Main page   Passive House Concept

A passive house is a building in which a comfortable interior climate can be maintained without active heating and cooling systems. Essentially, the house heats and cools itself, hence the term passive, thus creating eco friendly homes. The combined energy consumption of a passive house is less than the average new European home requires for household electricity and hot water alone.
The combined end energy consumed by a passive house is therefore less than a quarter of the energy consumed by the average new construction that complies with applicable national energy regulations.

Passive House Concept: 1st Principles of Design

A Passive House only needs about 10% of the energy that a traditionally built house requires. The reason, it does not need a traditional heating system or active cooling to feel comfortable for the occupier. The small heating demand can be typically met using a compact services unit which integrates heating, hot water and ventilation in one unit.

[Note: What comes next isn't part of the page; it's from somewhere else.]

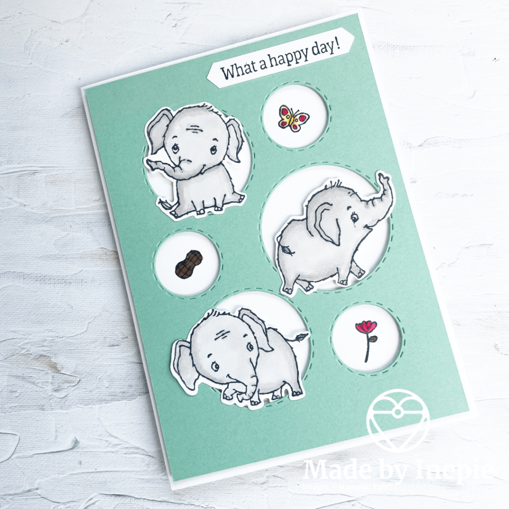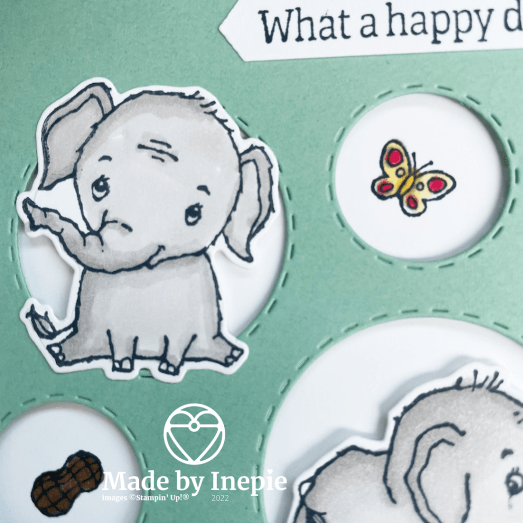 Ik heb de olifanten eerst op basic white cardstock gestempeld met memento black Tuxedo inkt. Want ik wilde ze inkleuren met mijn Stampin Blends. Daarna heb ik ze uitgestanst. Met de Picture This Dies heb ik uit een Mint Macaron stuk cardstock van 10 cm bij 14 cm de rondjes uitgesneden. Deze mat heb ik met Dimensionals op een basiskaart van 14,5 cm bij 21 cm( ril op 10,5 en vouw de kaart) geplakt. Daar toen de olifantjes ook met Dimensionals op geplakt en daarna de pinda, vlinder en bloem erin gestempeld en gekleurd. De tekst komt ook uit de stempelset.

The Passive House concept can be compared to a thermos flask.

The flask has a highly insulated shell that maintains the temperature of the hot (or cold) environment inside the flask. A passive house begins with an insulated shell and when you add energy-efficient ventilation, you can maintain the temperature inside with a small amount of energy consumption. A passive house also uses the energy from your appliances (TV and computers on standby), white goods (everytime you run your dishwasher) and the body heat of the occupants, to maintain a comfortable temperature rather than relying on purchasing energy and importing it into your home to create this comfortable environment.

When designing a building, this is achieved by substantially improving the construction details for each relevant component. In particular, the strategies for achieving the Passive House standard in cool and cold climates are:

- very good insulation of the building envelope & careful execution in detail for minimal thermal bridging

- high level of airtightness of the building (n50-value ≤ 0.6/h)

- windows with very low heat loss (including frames & thermal bridges) but with high solar gains

- ventilation system for good indoor air quality with highly-efficient heat recovery

- efficient building services

- efficient electrical devices and lighting

The criteria for the Passive House standard for houses in Central Europe according to the (PHPP 2007) are:

-Space heat demand ≤ 15 kWh/m²/yr

-Heating load ≤ 10 W/m²

-Excessive temperature frequency ≤ 10% (> 25°C)

-Primary energy demand ≤ 120 kWh/m²/yr for all energy applications including electricity

These figures are verified at the design stage using the Passive House Planning Package (PHPP) and includes:

* energy calculations (incl. R or U-values)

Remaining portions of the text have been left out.